Fazit: Atanasoff was a colorful person with a strong Bulgarian connection. Sendov’s book is the ultimate work on this topic (so far). Atanasoff was a very important computer pioneer, but not the inventor of the computer.

Thomas Hübner



John Vincent Atanasoff (October 4, 1903 – June 15, 1995) was an American-Bulgarian physicist and inventor, best known for being credited with inventing the first electronic digital computer. Atanasoff was a professor at Iowa State College and worked since 1937 on computer development. In 1942 the Atanasoff-Berry Computer, the allegedly first electronic digital computer developed by Atanasoff and his associate Clifford Berry was operational. Challenges to his claim were resolved in 1973 when the Honeywell vs. Sperry Rand lawsuit ruled that Atanasoff was the inventor of the electronic digital computer. 


Blagovest Sendov (born 1932) is a Bulgarian diplomat, mathematician and politician. Sendov was the rector of Sofia University and the Deputy Chairman of the Bulgarian Academy of Sciences. He has more than 200 publications in fields related to mathematics and computer science. Sendov was a deputy in the Bulgarian National Assembly before and after the end of communism; in 1995 he became Chairperson of the National Assembly (until 1997). In 1992 he was an independent candidate in the Bulgarian presidential election. From 2004 to 2016 Sendov was Bulgarian  ambassador to Japan and later to the Philippines.

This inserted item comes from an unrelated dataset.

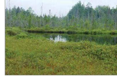
Plus de 65 ha de milieux humides ont été conservés de manière volontaire.

Maya Pencheva and Todor Shopov have co-authored the books Whole Language, Whole Person (2001), and Understanding Babel (2003). Shopov is the Director of the International Business School in Botevgrad.


Thomas Hübner is a German-born economist and development consultant with a life-long passion for books. He lives in Chisinau/Moldova and Sofia/Bulgaria. He is also the co-founder of Rhizome Publishing in Sofia, and translates poetry, mainly from Bulgarian to German (most recently Vladislav Hristov, Germanii, Rhizome 2017). He is blogging at Mytwostotinki on books and anything else that interests him.